Comparison of JChem PostgreSQL Cartridge and JChem Oracle Cartridge

    This document compares the main functional differences between JChem Oracle Cartridge (JOC) and JChem Postgres Cartridge (JPC) and their reasons.

    Introduction

    The main concept of JPC is to provide a cost effective and improved alternative to JOC.

    Knowing the weaknesses of JOC, like complicated option space, embarrassing authentication we were determined to find a better solution.

    Architecture

    JOC : Because of the architecture of the JChem Oracle Cartridge system, it is necessary to use the jchem_core_pkg.use_password() function in order to be able to execute operations on JChem server’s side.

    JPC : JChem Postgres Cartridge architecture does not require this kind of identification.

    Tables, indexing

    JOC : handles regular Oracle tables and JChem tables. The CREATE INDEX statement using indextype jc_idxtype generates index tables, which make JChem be able to function (e.g., be able to run searches).

    JPC : does not handle JChem tables; exclusively regular Postgres tables are handled. The column for storing the chemical structures must be Molecule type. CREATE INDEX using chemindex or sortedchemindex makes the JChem search processes run faster; however, searching in unindexed tables is also possible.

    Import

    JOC : Import function only into JChem tables is provided, but not into regular Oracle tables.

    JPC: SDF file import into regular Postgres tables is supported. See detailed information in JChem PostgreSQL Cartridge Manual.

    Table settings / CREATE INDEX parameters in JOC vs. molecule types in JPC

    JOC : The table settings of JChem tables define how the molecules in the table will be interpreted:

    • table types molecule, any structure, reaction, query structure, markush library

    • standardization (default or customized)

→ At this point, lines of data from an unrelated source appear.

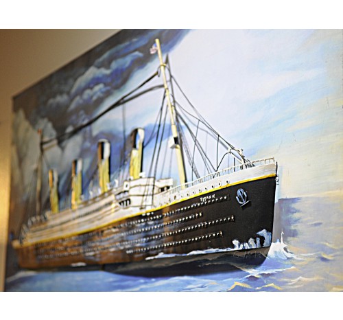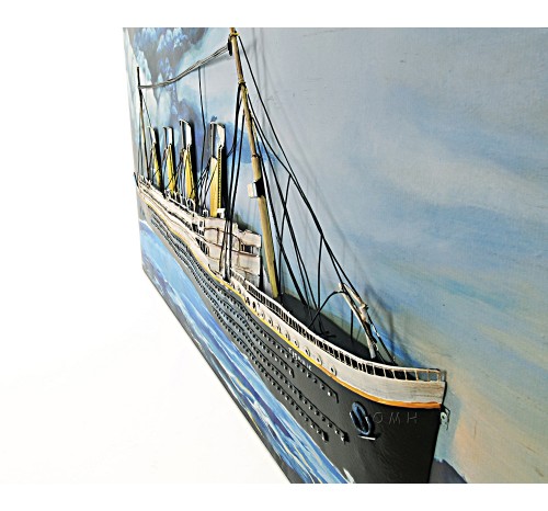 The realism on this 3D Titanic painting is incredible. It portrays the famous Titanic during its great voyage into the sea. Upon closer look, you will notice the ship is exposed out from the frame along with other details such as rigging, smoke stack, masts, and railings. It is completely handmade using metal and painted artistically to give it a mesmerizing look. Itíll make a beautiful wall decoration piece for your home or office!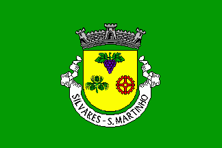 Shield Or a pine branch Vert fruited of the same and a cogwheel Gules in fess, on central chief a grape bunch Purpure leafed Vert. Mural crown Argent with three visible towers (village rank) and white scroll reading in black upper case serifed letters "SILVARES - S. MARTINHO".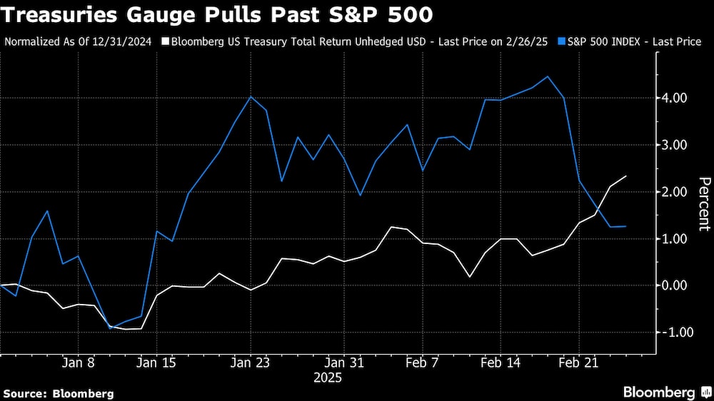 Un indicador Bloomberg de los rendimientos del Tesoro ha ganado un 2,3% en lo que va de año, superando la subida del 1,3% del índice S&P 500. La mayoría de los encuestados en el sondeo MLIV Pulse de febrero se decantaron por que los bonos del Tesoro batieran a las acciones estadounidenses durante el próximo mes.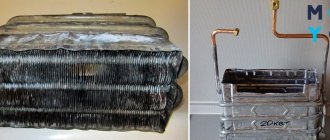 Радиаторът е скъп артикул. Смяната му е скъпа. Ако има теч, топлообменникът може да бъде запоен при 180 ° C. Нуждаем се от поялник с мощност 0,1 kW. Течовете често се появяват от външната страна на топлообменник, направен от евтин материал. Микропукнатината се почиства с шкурка, избърсва се с парцал с разтворител и се запечатва. Преди запояване водата се източва чрез издухване на останалите капки с помощта на компресор или прахосмукачка.

    • assume absolute stereo (default: yes, but can be set to ‘no’)

    • filter out duplicates

    • duplicate search uses tautomers

    In the case of regular Oracle tables the above settings can be applied as CREATE INDEX parameters.

    JPC : There are no table settings.

    • table types do not exist

    • The required standardization has to be set in the molecule type files. The name of the molecule type file has to be applied as a parameter of the Molecule column type. See details in JChem PostgreSQL Cartridge Manual.

    • assume absolute stereo - from version 20.12 stereoAssumption=RELATIVE is also supported. Former versions assume only absolute stereo

    • filter out duplicates is not provided

    Search engine

    JOC : search engine of JChem Base is used

    JPC : search is based on a newly developed search engine

    Search types

    JOC : search types can be set using the t parameter of the jc_compare operator; duplicate, substructure, full structure, full fragment, superstructure, and similarity search are supported

    JPC : duplicate, substructure, full fragment, superstructure, and similarity search are supported. Full structure search is not supported.

    JPC provides the following operators (see details in JChem PostgreSQL Cartridge Manual)

    Search type Operator Comment
    duplicate =
    substructure <
    full fragment < same as substructure, but query must be transformed as query_transform(query_structure, 'fullfragment')
    full fragment <= from version 20.15
    superstructure > see details
    similarity ~ , <~ , ˇ>

    Markush structures

    JOC : Markush search (searching Markush targets) and using query structures with Markush features are supported.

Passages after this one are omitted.